The Efficacy of Vestibular Rehabilitation Therapy for Mild Traumatic Brain Injury: A Systematic Review and Meta-analysis
Ammar Aljabri1, Alhussain Halawani1, Alaa Ashqar1, Omar Alageely1, Adel Ali Alhazzani2
1King Saud bin Abdulaziz University for Health and Sciences, 2Neurosciences Center, King Faisal Specialist Hospital and Research Center, Riyadh, Saudi Arabia
Objective:

This systematic review and meta-analysis aim to determine the efficacy of of Vestibular Rehabilitation Therapy (VRT) as a treatment option for mTBI.

Background:
Mild Traumatic Brain Injury (mTBI) or concussion is a common yet undermanaged and underreported condition. It is a well-recognized cause of long-term disability resulting in physical, cognitive, and emotional damage.
Design/Methods:
This review and meta-analysis was performed following the PRISMA (Preferred Reporting Items for Systematic Reviews and Meta-Analyses) guidelines.
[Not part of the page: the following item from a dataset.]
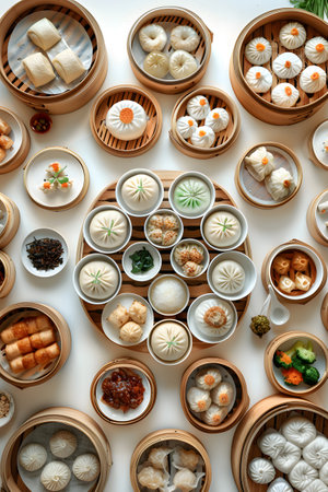Various dim sum displayed on white table, artfully arranged in a circle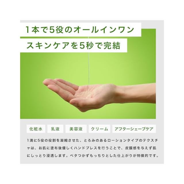 【1本に5役を集約したオールインワンスキンケアアイテム】この1本に化粧水・美容液・乳液・パック・アフターシェービングケアを集約しました。

It included RCTs and pre-VRT/post-VRT retrospective chart reviews. Records meeting the inclusion criteria were extracted from the following databases: Medline, Embase, and Cochrane Register of Controlled Trials (CENTRAL). 
Results:
Eight articles met the inclusion criteria, from which six RCTs were included in the meta-analysis. VRT demonstrated significant improvement in decreasing perceived dizziness at the end of the intervention program as shown by DHI scores (SMD= -0.33, 95% CI -0.62 to -0.03, p=0.03, I2= 0%). However, no significant reduction in DHI was evident after two months of follow-up (SMD= 0.15, 95% CI -0.23 to 0.52, p=0.44, I2=0%). Quantitative analysis also depicted significant reduction in both VOMS (SMD=-0.40, 95% CI -0.60 to -0.20, p<0.0001, I2=0%) and PCSS (SMD= -0.39, 95% CI -0.71 to -0.07, p=0.02, I2=0%) following the intervention. Lastly, there was no significant difference between intervention groups on BESS scores (SMD= -31, 95% CI -0.71 to 0.10, p=0.14, I2=0%) and return to sport/function (95% CI 0.32 to 30.80, p=0.32, I2=82%).
Conclusions:

Current evidence on the efficacy of VRT for mTBI is limited. This review and analysis provide evidence that supports the role of VRT in improving perceived symptoms following concussion. There is still a need for high-quality trials evaluating the benefit of VRT using a standardized approach.